New Skin Grafts Speed Healing With Less Pain

New Skin Grafts Speed Healing With Less Pain

Traditional skin grafts can require anesthesia in an operating room, leaving the patient in lots of pain and creating unsightly scars. They also can take a lengthy time to heal.

A new skin grafting procedure is alleviating most of those concerns for many patients. Nena Lundgreen is one of these patients. She is a graduate student at BYU, studying biology. She enjoys the outdoors and was rock climbing in Rock Canyon in April when she was seriously injured. Lundgreen lost two toes and half of two other toes on her left foot and was restricted in her activities.

After the amputations, she was being treated for wound care for a couple of months to help her foot heal.

 “The wound on the top of my foot was open, and was closing very slowly,” she said. “I had been invited to go on a trip on a houseboat to Lake Powell. I had gotten to where I could move around a bit and I wanted to go. But the doctors said I needed a skin graft.”

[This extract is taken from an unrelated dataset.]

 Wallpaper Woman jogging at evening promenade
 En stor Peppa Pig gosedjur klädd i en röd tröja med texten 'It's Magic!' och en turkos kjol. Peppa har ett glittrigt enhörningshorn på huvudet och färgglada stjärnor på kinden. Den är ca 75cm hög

That was to keep water out of the wound.

Lundgreen found out that Utah Valley Regional Medical Center was one of a few hospitals in the state with a new piece of equipment that allows a new type of skin graft with fewer aftereffects. “I ended up choosing to do that,” she said. “It doesn’t leave big permanent scarring. I have enough nasty scars now.”

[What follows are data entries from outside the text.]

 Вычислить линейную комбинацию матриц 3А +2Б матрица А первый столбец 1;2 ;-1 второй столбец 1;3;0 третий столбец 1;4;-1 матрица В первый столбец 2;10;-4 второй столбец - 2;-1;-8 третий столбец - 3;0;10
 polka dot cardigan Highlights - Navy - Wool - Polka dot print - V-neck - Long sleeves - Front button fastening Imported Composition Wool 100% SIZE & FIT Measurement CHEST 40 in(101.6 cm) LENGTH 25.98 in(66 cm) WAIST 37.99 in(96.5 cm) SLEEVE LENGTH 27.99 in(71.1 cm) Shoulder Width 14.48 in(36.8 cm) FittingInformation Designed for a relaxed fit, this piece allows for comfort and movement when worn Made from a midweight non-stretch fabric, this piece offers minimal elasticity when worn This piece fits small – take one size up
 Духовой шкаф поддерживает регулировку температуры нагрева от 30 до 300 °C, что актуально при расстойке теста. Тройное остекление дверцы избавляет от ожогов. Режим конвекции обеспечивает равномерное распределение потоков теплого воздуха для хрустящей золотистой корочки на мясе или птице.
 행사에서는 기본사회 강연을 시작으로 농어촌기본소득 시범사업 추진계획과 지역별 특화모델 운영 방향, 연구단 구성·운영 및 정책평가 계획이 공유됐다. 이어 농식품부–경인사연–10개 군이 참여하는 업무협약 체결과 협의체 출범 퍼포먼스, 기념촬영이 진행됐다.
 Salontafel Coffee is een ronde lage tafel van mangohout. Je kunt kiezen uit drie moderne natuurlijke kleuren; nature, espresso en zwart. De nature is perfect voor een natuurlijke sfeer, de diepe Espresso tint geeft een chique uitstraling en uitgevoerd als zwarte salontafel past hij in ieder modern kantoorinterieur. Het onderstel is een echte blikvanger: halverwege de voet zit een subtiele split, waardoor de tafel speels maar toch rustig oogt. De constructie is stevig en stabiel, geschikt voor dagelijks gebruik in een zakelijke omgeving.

“They said it would take about the same healing time, but there was no anesthesia. It wasn’t painful and there was no scarring,” she said. “It really was great. It didn’t hurt at all.”

Dr. Marc Robins, who performed the skin graft for Lundgreen, said not everybody would have that pain-free experience, although the pain is usually less than with a traditional skin graft. He said he was pleased with the new technology.

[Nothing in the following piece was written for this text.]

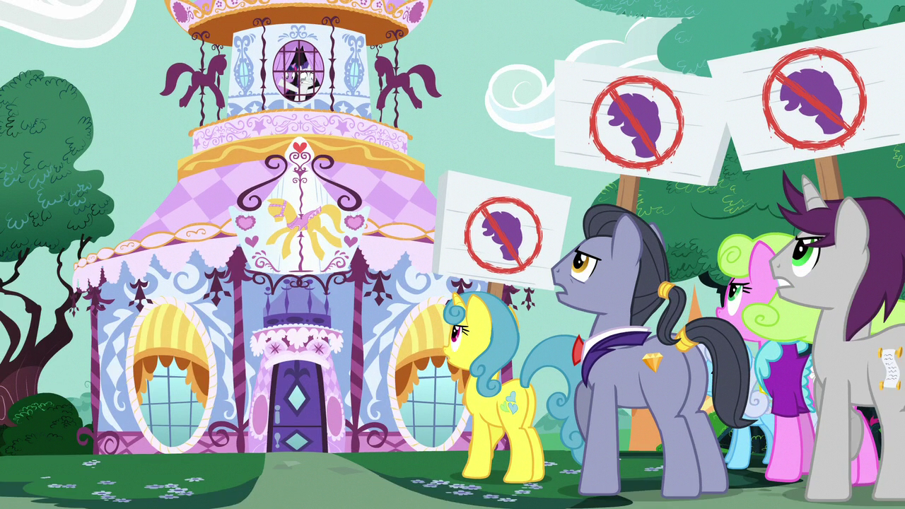 While walking through town, Twilight and Starlight meet a group of fanatical ponies from Fillydelphia who ask Twilight to autograph their journal copies. When Twilight asks what their favorite lesson was, the ponies admit they haven't actually read the journal and plan to keep their copies as mere collector's items. Elsewhere in town, two ponies sitting at a cafe table comment on the journal's illumination into the Mane Six's lives but also remark that they wish Rarity's sections were excluded. Rarity, sitting just a few feet away from them, is heartbroken and runs off in tears.

“The exciting thing is that it avoids a surgical procedure,” he said. “It is relatively painless. It is a quick and easy office procedure now to do an effective skin graft.” To say that Lundgreen is pleased is an understatement.

“I am pretty happy with it,” she said. “It worked as well but did not have the pain, hassle and scarring. I have had enough pain and scarring. I definitely would recommend it to anyone who is a candidate. It is easier.”

Missing a good portion of the toes on one foot has called a stop to her rock climbing, but other activities are continuing.

“I am back to snowboarding, longboarding and surfing,” she said.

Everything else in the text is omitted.